В тот момент ни слова эти, ни то, что я их произнес, не вызвали у меня ни малейшего удивления. Казалось вполне естественным, что мне знакомы имена увиденных во сне людей и известна их история. Но вскоре нелепость этих рассуждений дошла до моего сознания. Я громко рассмеялся, выбил из трубки золу и снова растянулся на своем ложе из веток и листьев. Я лежал, рассеянно глядя на догорающий огонь, и не думал больше ни о моем сне, ни о том, что меня окружало. Наконец последний язычок пламени вспыхнул, вытянулся вверх и, отделившись от тлеющих углей, растаял в воздухе. Наступила полная темнота.
Не успел померкнуть последний отблеск огня, как в то же мгновение послышался глухой стук, точно от падения тяжелого тела, и пол подо мною задрожал. Я рывком сел и стал ощупью искать лежавшее рядом ружье. Мне показалось, что какой-то дикий зверь прыгнул в хижину через окно. Шаткий домишко все еще содрогался, когда я вдруг услыхал звуки ударов, шарканье ног по полу, а затем, совсем близко от меня, чуть ли не на расстоянии вытянутой руки — пронзительный крик женщины, выдававший смертельную муку. Такого страшного вопля мне никогда еще не доводилось слышать. Он буквально парализовал меня. Некоторое время я не ощущал ничего, кроме охватившего меня ужаса. К счастью, в этот момент пальцы мои нащупали ружье, и знакомый холодок ствола несколько успокоил меня. Я вскочил на ноги и, напрягая зрение, стал вглядываться во тьму. Неистовые вопли умолкли, но вместо этого я услыхал нечто еще более жуткое — хрипы и тяжелое дыхание умирающего существа!
Когда глаза мои привыкли к темноте, я стал различать при слабом свете тлеющих углей очертания темных провалов двери и окна. Затем явственно проступили во мраке стены и пол, и наконец я смог разглядеть всю комнату, все ее углы. Но кругом было пусто. Тишина больше ничем не нарушалась.
Слегка дрожащей рукой я кое-как развел огонь (другая рука все еще сжимала ружье) и снова внимательно исследовал помещение. Нигде не было ни малейших признаков того, что сюда кто-то заходил. На пыльном полу отпечатались следы только моих башмаков; никаких других следов не было видно. Я снова раскурил трубку и, отодрав от внутренней стены несколько досок, — выйти в темноте за дверь я не решился, — подбросил в огонь топлива. Весь остаток ночи я просидел у очага, пыхтя трубкой, размышляя и поддерживая огонь. Ни за какие блага в мире не дал бы я теперь снова погаснуть этому маленькому язычку пламени.
Спустя несколько лет я встретился в Сакраменто с неким Морганом. У меня было к нему рекомендательное письмо от друга из Сан-Франциско. Обедая у него, я заметил на стенах различные трофеи, свидетельствовавшие о том, что хозяин дома — заядлый охотник. Оказалось, что так оно и было. Рассказывая о своих охотничьих подвигах, Морган упомянул о краях, где со мною произошла когда-то странная история.

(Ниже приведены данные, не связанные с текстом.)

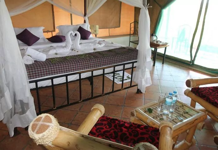 Lodgen består af 10 luksustelte, der er bygget op omkring en stålskal med kanvasvægge, højt til loftet og murede badeværelser i forlængelse af selve værelset. Alle 10 luksustelte er bygget på hver sin individuelle platform med en stor træterrasse, hvorfra du har den flotteste udsigt til saltvandssøen, Lake Eyasi.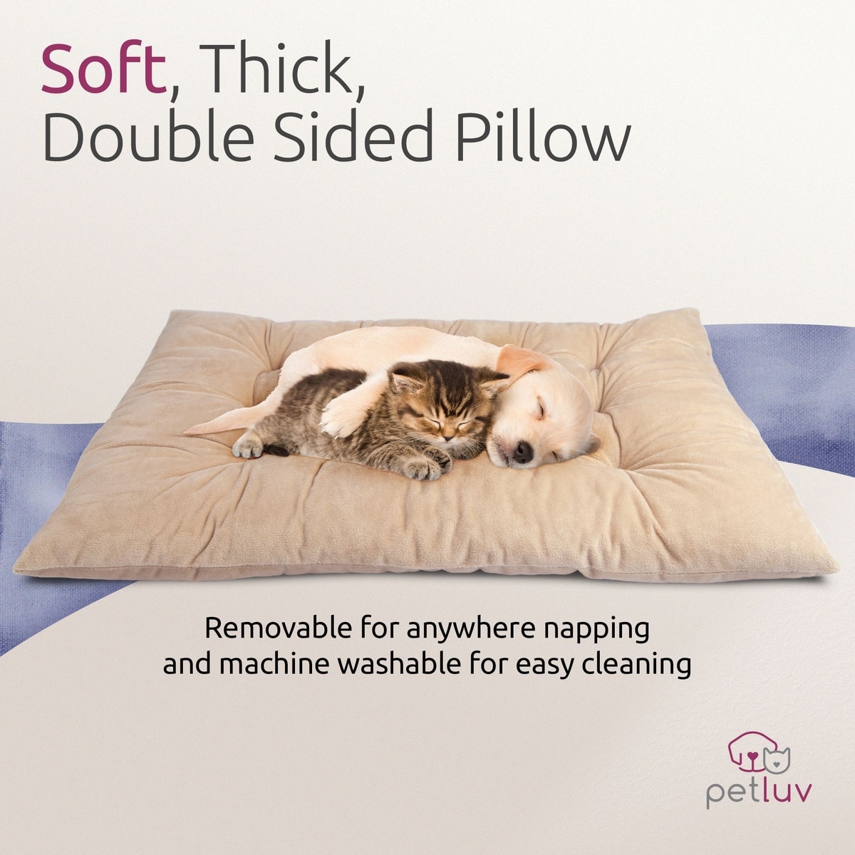 PetLuv makes travel easy and luxurious with details both you and your pet will notice: a plush washable pillow, 4 access doors, breathable mesh flaps, and privacy windows, plus locking zippers, seat belt loops, a storage pocket, and fold-flat design.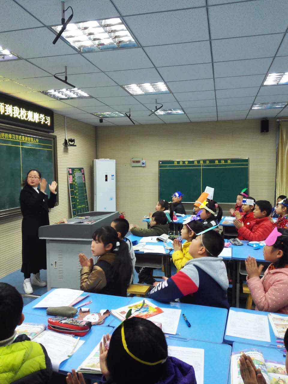 第三节是张双双老师带着三年级的学生来上的英语课,看三年级的小朋友带着头饰跟着老师打着节奏学课文。学生的展示丰富多彩,多种多样。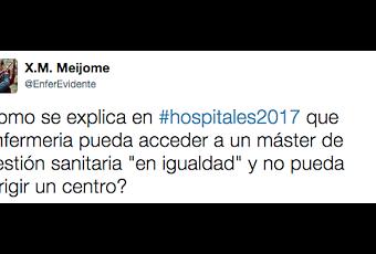 Como se explica en #hospitales2017 que enfermeria pueda acceder a un máster de gestión sanitaria "en igualdad" y no pueda dirigir un centro?— X.M. Meijome (@EnferEvidente) 30 marzo 2017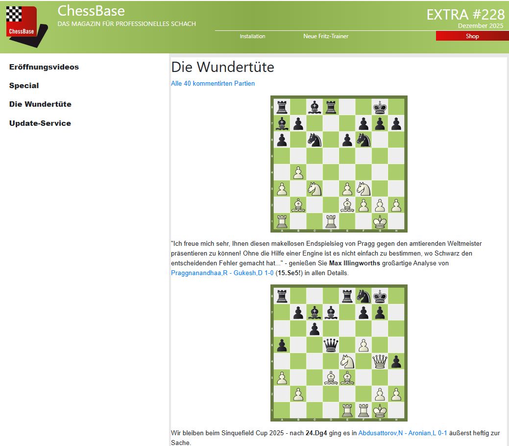 Das Extra #228 liefert in der „Wundertüte“ 40 kommentierte Partien aus verschiedensten Turnieren.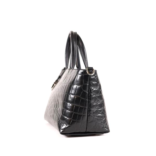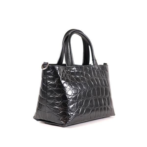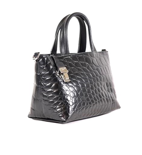 Handtasche schwarz Leder mit Kroko-Prägung von Renato Angi - Made in Italy,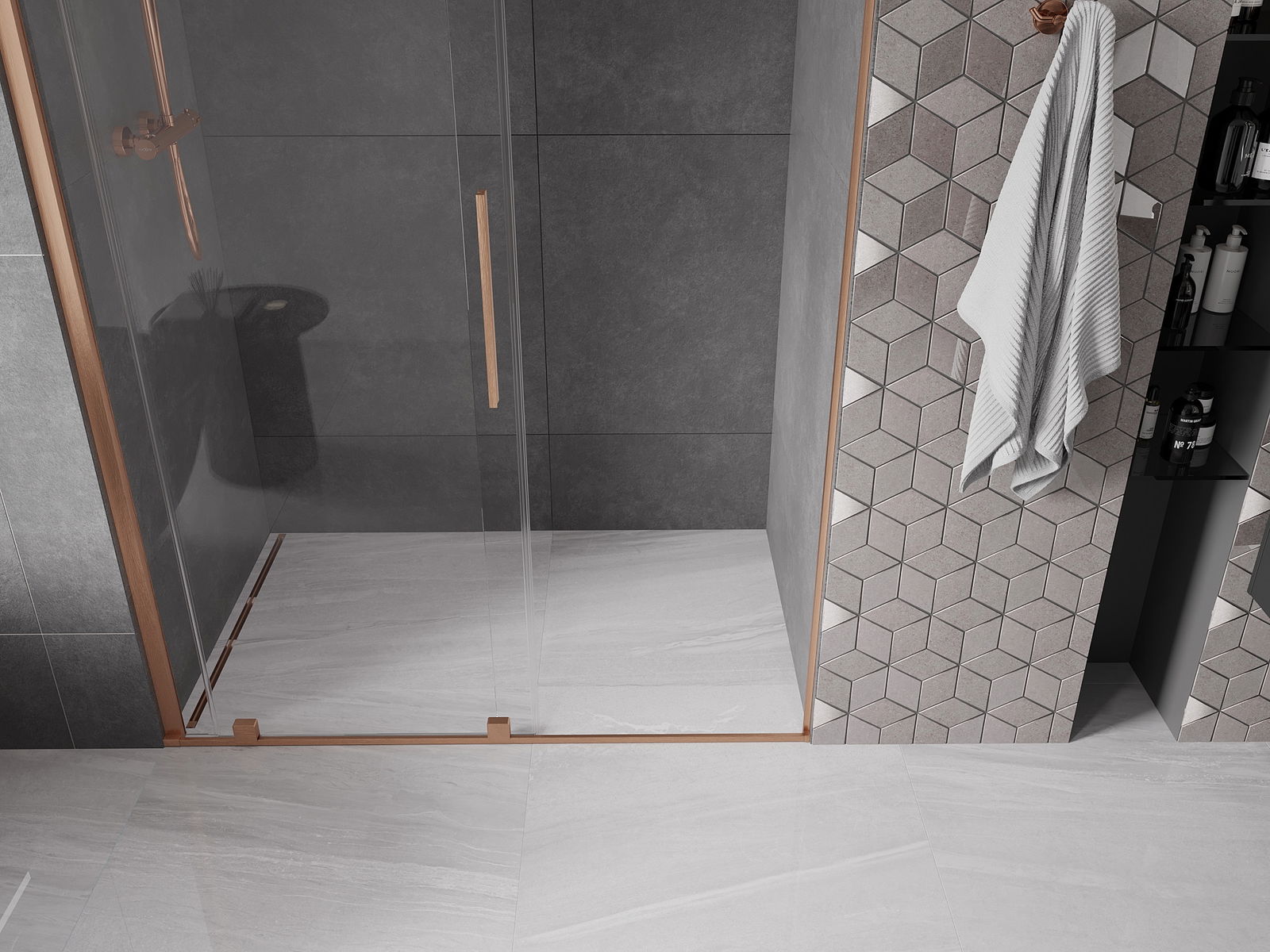 Il prodotto, a seconda delle esigenze, può essere installato sia sul piatto doccia che direttamente sul pavimento. Il metodo di installazione universale consente di adattare il prodotto a diversi tipi di bagni e configurazioni di spazio.

— Мистер Морган, — внезапно спросил я, — не приходилось ли вам слышать о местности, которая называется долиной Макарджера?
— Еще бы! — ответил он. — Ведь это я в прошлом году нашел там скелет и поместил об этом сообщение в газетах.
Мне про это ничего не было известно. Очевидно, сообщение появилось в тот период, когда я находился на Востоке.
— Кстати, — заметил Морган, — название долины не совсем точно, ее следовало бы назвать долиной Мак-Грегора… Дорогая, — обратился он к жене, — мистер Элдерсон расплескал немного свое вино.
Это было слишком мягко сказано. Бокал с вином просто-напросто выпал у меня из рук.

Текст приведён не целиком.